ORIGINALLY POSTED 03/01/2016 |
FROM THE FALL 2016 ISSUE
Jessica Elizarraras is a pioneer of sorts. As San Antonio has changed over the past decade, she has been quick to embrace the Alamo City’s progressive food landscape. She’s been the food and nightlife editor at the San Antonio Current since June 2013. It’s a position that didn’t exist before the Brownsville native became the first person to fill it. For Elizarraras, it meant she could put her unique stamp on what it means to be a food critic in San Antonio.
Before becoming the city’s authority on cuisine, Elizarraras worked at the San Antonio Express-News, starting as an intern in 2008 and filling various positions over the next four years, including writing for the paper’s food section. Her insight on food, though, began after college when she decided to start a blog as a way to document her journey into balancing her health while still eating out and cooking more at home. “That had me taking my own photos, trying recipes, going out to eat, and talking about it,” says Elizarraras. “And that’s how I was brought on board with the food section at the Express-News. I was familiar with the growing scene.”

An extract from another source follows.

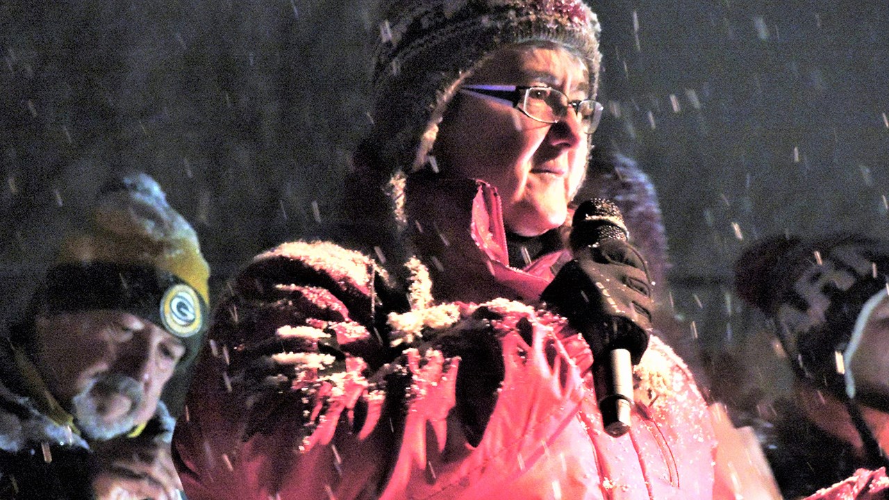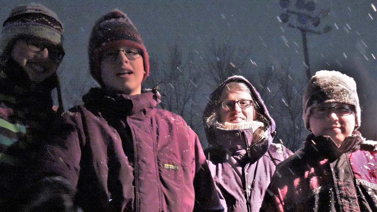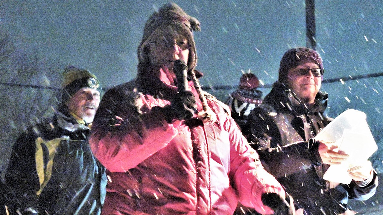 La directrice du Service des loisirs et de la culture de la Ville de Saint-Georges, Carole Paquet, en rose sur la photo, a animé la cérémonie de remise de prix du 19e Festival de sculptures sur neige de Saint-Georges lors du samedi 10 février 2018.

Food in San Antonio has become a major part of the fabric of the ever-evolving city. The Current has become the place many residents turn to for the latest and greatest in food. “San Antonio is in this really great moment where things are changing fast, and there’s got to be some authority behind it,” she says. “I’m in the scene day in and day out. I’m always at restaurants. I’m always at bars. I’m talking about what’s new on the menu. I’m talking about what new ingredients they’re using.”
Elizarraras’ career in journalism began her second semester at UTSA when she joined The Paisano student newspaper. She stayed there for 4½ years, making her way up to editor in chief. “My time at The Paisano was really fun, and now that I work at the Current, it’s the same kind of thing,” she says. “It’s a small office, we shoot our own photos sometimes, and we deal with a lot of freelancers who don’t turn stuff in. And that’s kind of what you do when you’re at a student paper.”
After a short stint as one of two senior editors at the Current who filled in for the editor in chief, Elizarraras is back to finding delicious drinks and food and telling her readers about it. And she says she has no plans on going anywhere because she wants to grow with the Alamo City.